Task prompt
Please, could you print all the lines below exactly, leaving out the pictures?

Material provided

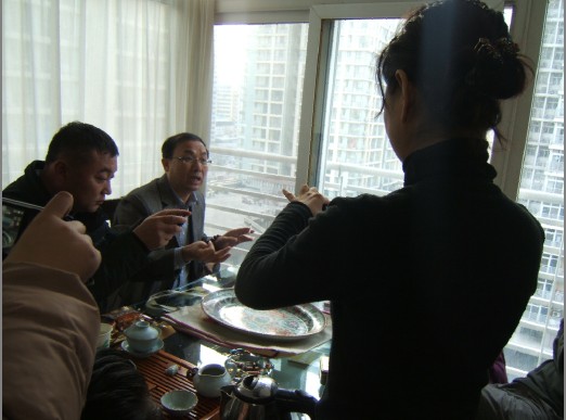 嘉宾在倾听鉴赏家陈建初精彩点评古董
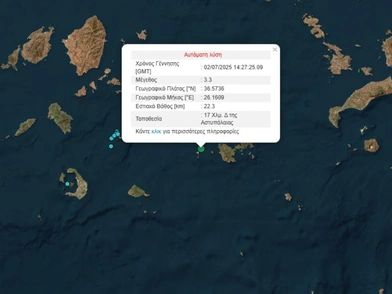 Σεισμός 3,3 βαθμών της κλίμακας Ρίχτερ σημειώθηκε το μεσημέρι της Τρίτης (2/7) 17χλμ δυτικά της Αστυπάλαιας.
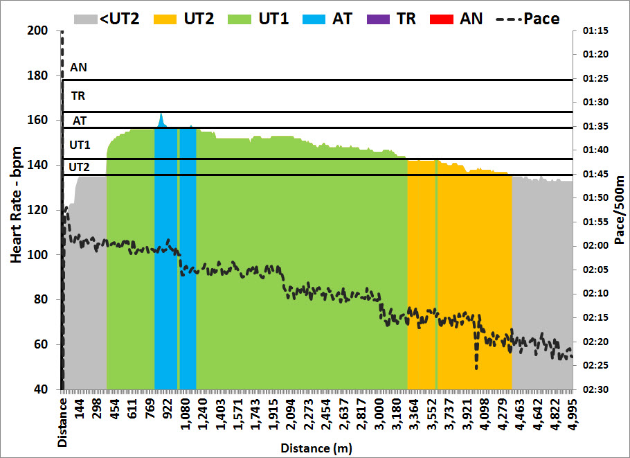 Then in to the main event, 5142m. I thought I could hold 1:50. I was wrong. Painfully wrong. Ouch.
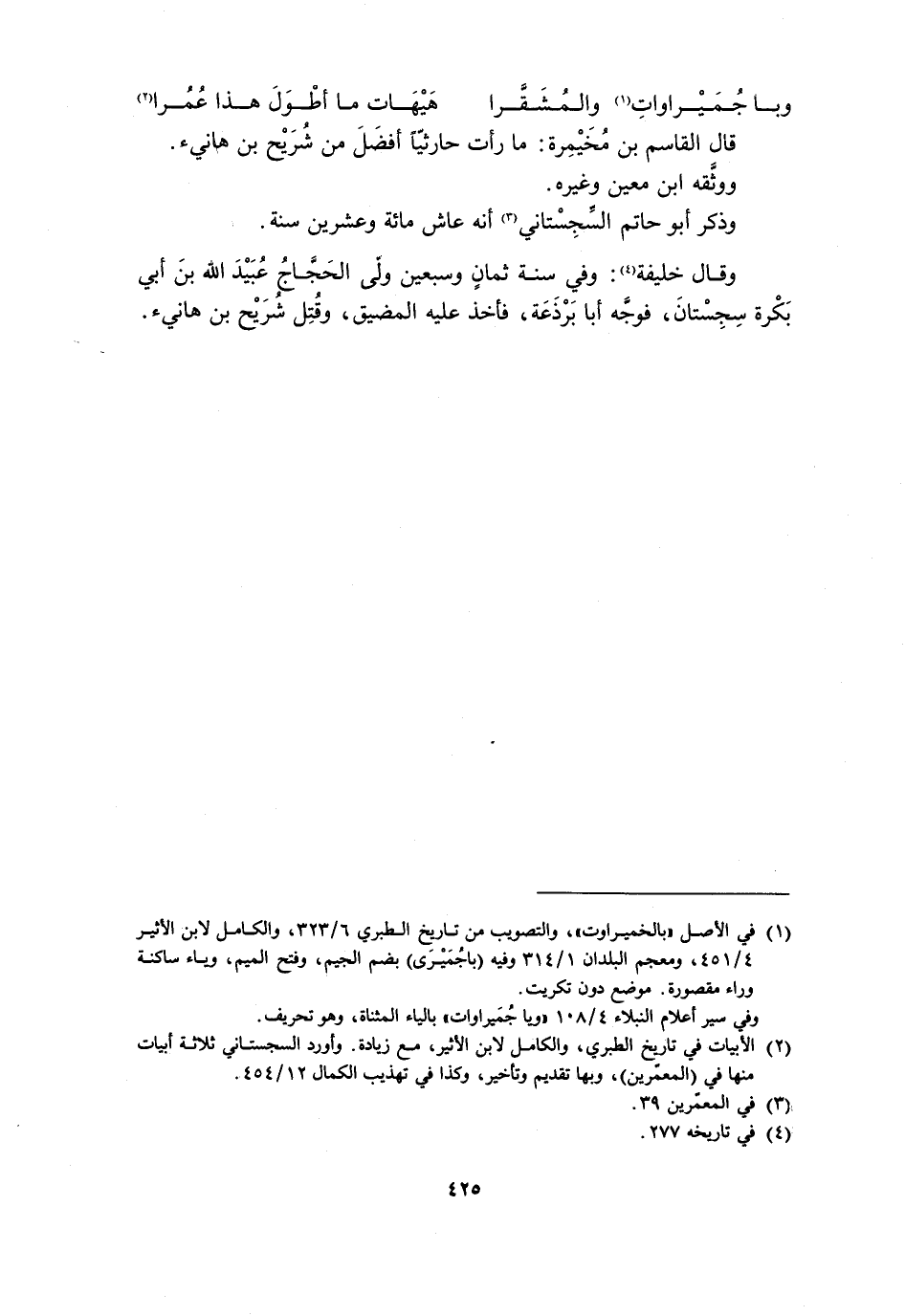 [1] في الأصل «بالخميراوت» ، والتصويب من تاريخ الطبري 6/ 323، والكامل لابن الأثير 4/ 451، ومعجم البلدان 1/ 314 وفيه (باجميرى) بضم الجيم، وفتح الميم، وياء ساكنة وراء مقصورة. موضع دون تكريت.

Solution below
 嘉宾在倾听鉴赏家陈建初精彩点评古董
 Σεισμός 3,3 βαθμών της κλίμακας Ρίχτερ σημειώθηκε το μεσημέρι της Τρίτης (2/7) 17χλμ δυτικά της Αστυπάλαιας.
 Then in to the main event, 5142m. I thought I could hold 1:50. I was wrong. Painfully wrong. Ouch.
 [1] في الأصل «بالخميراوت» ، والتصويب من تاريخ الطبري 6/ 323، والكامل لابن الأثير 4/ 451، ومعجم البلدان 1/ 314 وفيه (باجميرى) بضم الجيم، وفتح الميم، وياء ساكنة وراء مقصورة. موضع دون تكريت.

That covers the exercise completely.